Records from a data collection:
▽

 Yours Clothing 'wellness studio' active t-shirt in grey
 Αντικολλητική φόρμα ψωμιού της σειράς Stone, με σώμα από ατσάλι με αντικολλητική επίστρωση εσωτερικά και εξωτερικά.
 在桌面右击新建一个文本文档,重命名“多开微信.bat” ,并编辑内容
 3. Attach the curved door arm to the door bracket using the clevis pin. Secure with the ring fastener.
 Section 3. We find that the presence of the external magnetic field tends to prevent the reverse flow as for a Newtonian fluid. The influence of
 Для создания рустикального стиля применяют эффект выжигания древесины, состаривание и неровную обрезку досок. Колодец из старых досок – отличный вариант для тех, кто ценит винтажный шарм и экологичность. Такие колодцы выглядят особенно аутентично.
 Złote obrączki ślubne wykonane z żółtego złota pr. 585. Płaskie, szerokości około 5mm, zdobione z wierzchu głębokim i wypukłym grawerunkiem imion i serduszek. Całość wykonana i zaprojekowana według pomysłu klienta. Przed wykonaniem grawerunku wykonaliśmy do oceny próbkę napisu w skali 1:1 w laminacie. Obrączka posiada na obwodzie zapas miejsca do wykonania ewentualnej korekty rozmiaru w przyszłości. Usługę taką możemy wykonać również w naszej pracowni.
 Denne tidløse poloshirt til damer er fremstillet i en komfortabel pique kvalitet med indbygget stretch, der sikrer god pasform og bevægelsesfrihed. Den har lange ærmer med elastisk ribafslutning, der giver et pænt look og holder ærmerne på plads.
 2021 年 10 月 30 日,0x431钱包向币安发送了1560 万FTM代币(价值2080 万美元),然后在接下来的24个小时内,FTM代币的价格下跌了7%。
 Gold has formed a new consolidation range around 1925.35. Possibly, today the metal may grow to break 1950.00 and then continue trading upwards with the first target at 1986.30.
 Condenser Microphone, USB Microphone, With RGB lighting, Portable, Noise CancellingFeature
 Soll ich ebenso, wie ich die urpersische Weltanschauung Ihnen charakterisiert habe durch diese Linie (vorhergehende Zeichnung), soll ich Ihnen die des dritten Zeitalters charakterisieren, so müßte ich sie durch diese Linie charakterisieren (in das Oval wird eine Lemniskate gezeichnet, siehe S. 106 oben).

△

Repeat each record in full; every line must match exactly.

• **Expected answer**:
 Yours Clothing 'wellness studio' active t-shirt in grey
 Αντικολλητική φόρμα ψωμιού της σειράς Stone, με σώμα από ατσάλι με αντικολλητική επίστρωση εσωτερικά και εξωτερικά.
 在桌面右击新建一个文本文档,重命名“多开微信.bat” ,并编辑内容
 3. Attach the curved door arm to the door bracket using the clevis pin. Secure with the ring fastener.
 Section 3. We find that the presence of the external magnetic field tends to prevent the reverse flow as for a Newtonian fluid. The influence of
 Для создания рустикального стиля применяют эффект выжигания древесины, состаривание и неровную обрезку досок. Колодец из старых досок – отличный вариант для тех, кто ценит винтажный шарм и экологичность. Такие колодцы выглядят особенно аутентично.
 Złote obrączki ślubne wykonane z żółtego złota pr. 585. Płaskie, szerokości około 5mm, zdobione z wierzchu głębokim i wypukłym grawerunkiem imion i serduszek. Całość wykonana i zaprojekowana według pomysłu klienta. Przed wykonaniem grawerunku wykonaliśmy do oceny próbkę napisu w skali 1:1 w laminacie. Obrączka posiada na obwodzie zapas miejsca do wykonania ewentualnej korekty rozmiaru w przyszłości. Usługę taką możemy wykonać również w naszej pracowni.
 Denne tidløse poloshirt til damer er fremstillet i en komfortabel pique kvalitet med indbygget stretch, der sikrer god pasform og bevægelsesfrihed. Den har lange ærmer med elastisk ribafslutning, der giver et pænt look og holder ærmerne på plads.
 2021 年 10 月 30 日,0x431钱包向币安发送了1560 万FTM代币(价值2080 万美元),然后在接下来的24个小时内,FTM代币的价格下跌了7%。
 Gold has formed a new consolidation range around 1925.35. Possibly, today the metal may grow to break 1950.00 and then continue trading upwards with the first target at 1986.30.
 Condenser Microphone, USB Microphone, With RGB lighting, Portable, Noise CancellingFeature
 Soll ich ebenso, wie ich die urpersische Weltanschauung Ihnen charakterisiert habe durch diese Linie (vorhergehende Zeichnung), soll ich Ihnen die des dritten Zeitalters charakterisieren, so müßte ich sie durch diese Linie charakterisieren (in das Oval wird eine Lemniskate gezeichnet, siehe S. 106 oben).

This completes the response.